XLCubed is now FluenceXL. The new wiki can be found here: https://help.fluencexl.com/

Viewports

Revision as of 14:51, 7 September 2017 by Colin (talk | contribs)

XLCubed Viewports help with the layout of variable length or width reports. For example they allow you to present a range from worksheet 1 on worksheet 2. This can be useful in many presentation scenarios, you can have separate worksheets for each business area, and bring them together on a formatted summary sheet.

They have a number of advantages over standard Excel camera objects (detailed here - http://blog.xlcubed.com/2012/07/a-snappy-fix-for-layout-problems-in-excel/). Firstly Viewports are scrollable. The Viewport can reference a much larger area on the source sheet, and if the Viewport control itself is smaller it will show vertical and horizontal scrollbars as required. This can be very useful for row dynamic reporting as the display area remains unchanged and additional parts of the report beneath the Viewport can remain in place even if the number of rows in the Viewport changes. They also support freeze panes so that the row and column headers can always be visible as you scroll.

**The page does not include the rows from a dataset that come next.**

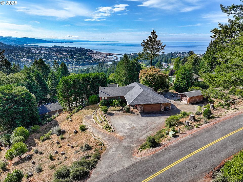 Million dollar views from almost every room! Bring your vision and make this big sturdy home all that it can be! On the main level is the kitchen, dining area, a huge living room with doors to an enormous entertaining deck, the owners suite with huge bath w/ tub, separate shower and double sinks, and a laundry room with a half bath. On the lower level are 3 bedrooms, a full bathroom and a bonus 528 sq ft flex space area with a roll up door that can be reached by car from outside, ideal for a shop or game room. There is a 2 car attached garage plus a detached shop/garage building and an RV pad with full hookups. The huge entertaining deck has an adjacent cement firepit patio with gorgeous ocean views. On the extra large, private .59 acre property are Magnificent maple trees and terraced gardens. The roof is new as of 2022. Hardy plank siding. Heavy duty construction with windows to the sea in almost every room. Priced to accommodate your personalized vision.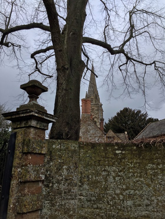 B was trying to walk fast, keeping up our brisk pace, get the heart pumping etc and burn some calories (her multiple gins at the weekend were playing on her mind.) Her fitness app voice notifications were kicking in with how many kilometres we had walked, how fast our average pace per km etc but I kept stopping dead to whip out my iPhone. I can’t help it when I see witchy wintery trees with an ancient spire behind. I love the twigs lying on the top of the wall where they’ve fallen off.
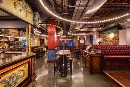 A RIO A (Remote Input Output Audio) device provides the ability to beat match music and lighting sequences in perfect harmony. Thanks to the RIO A, flashing effects are also triggered when a customer hits the dart board bullseye. The Pharos solution works in harmony with Signify Dynalite, utilising elements like the Timeclock, which automatically changes scenes to subtly transition the venue mood, while also reducing power costs.

Secondly they retain interactivity. If the Viewport contains a Grid, the grid is still drillable and editable even through the Viewport. If there are active cell links which update other parts of the workbook these are still interactive in the Viewport.

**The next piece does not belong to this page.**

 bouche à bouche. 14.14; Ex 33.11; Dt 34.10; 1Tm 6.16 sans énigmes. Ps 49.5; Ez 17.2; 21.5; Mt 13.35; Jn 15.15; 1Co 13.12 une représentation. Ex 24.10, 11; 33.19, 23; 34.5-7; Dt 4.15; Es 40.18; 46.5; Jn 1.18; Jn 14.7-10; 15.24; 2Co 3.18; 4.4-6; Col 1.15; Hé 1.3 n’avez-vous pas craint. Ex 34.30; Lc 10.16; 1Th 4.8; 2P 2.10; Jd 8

Lastly, they support named ranges being specified as the area (type in the name when picking a range). This works will when combined with specifying Named Ranges on Grids or Tables.

Viewports are added from the Visualise menu on the XLCubed Ribbon. You specify the source range to be displayed, and where to insert the viewport control. You can also define the placement options and border settings as shown below.

ViewportDesign.png

After insertion, the viewport control can be scrolled, any grids it contains can be drilled, and xl3link() and grid active cell settings are retained.

Viewport.png

Excel Limitations

The viewport will only update when a cell value in the referenced range changes, so if it just contains a chart or image you may need to add a "Helper" cell to trigger the update. This can just be a reference to a cell that will be updated when the chart/image needs to be updated (it can be hidden or formatted so that it doesn't display anything)

Chart Viewports

Version 9

In Version 9, when displaying an Excel chart in a Viewport, it is possible to select the chart object itself rather than the Excel range of cells which contain the chart. The main advantage of this is that when the viewport size differs from the original chart size rather than stretching the image, the chart itself is re-drawn to the new dimensions. In most cases this will give a crisper display and avoid cases where legends and axes can look "fuzzy".

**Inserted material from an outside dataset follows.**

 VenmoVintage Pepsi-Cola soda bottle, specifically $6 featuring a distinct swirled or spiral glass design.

This approach is particularly useful on Dashboard sheets, where the viewport size will change based on the screen size of the device it's being used on.Another advantage is the chart will automatically refresh when the underlying data changes.

ViewportXLChart.JPG

Web Limitations

Due to the way charts are resized:

  • You can not have two viewports on the same chart on one sheet.
    • But you can have them on different sheets.
  • Charts may overlap standard range based viewports.
    • In this case you can move the chart to a different sheet from the range viewport.

Version 9.1

In Version 9.1 you can also add viewports based on Small Multiple Charts and Treemaps. These give the same benefits of viewports on Excel charts, the fuzziness of resizing the chart is improved.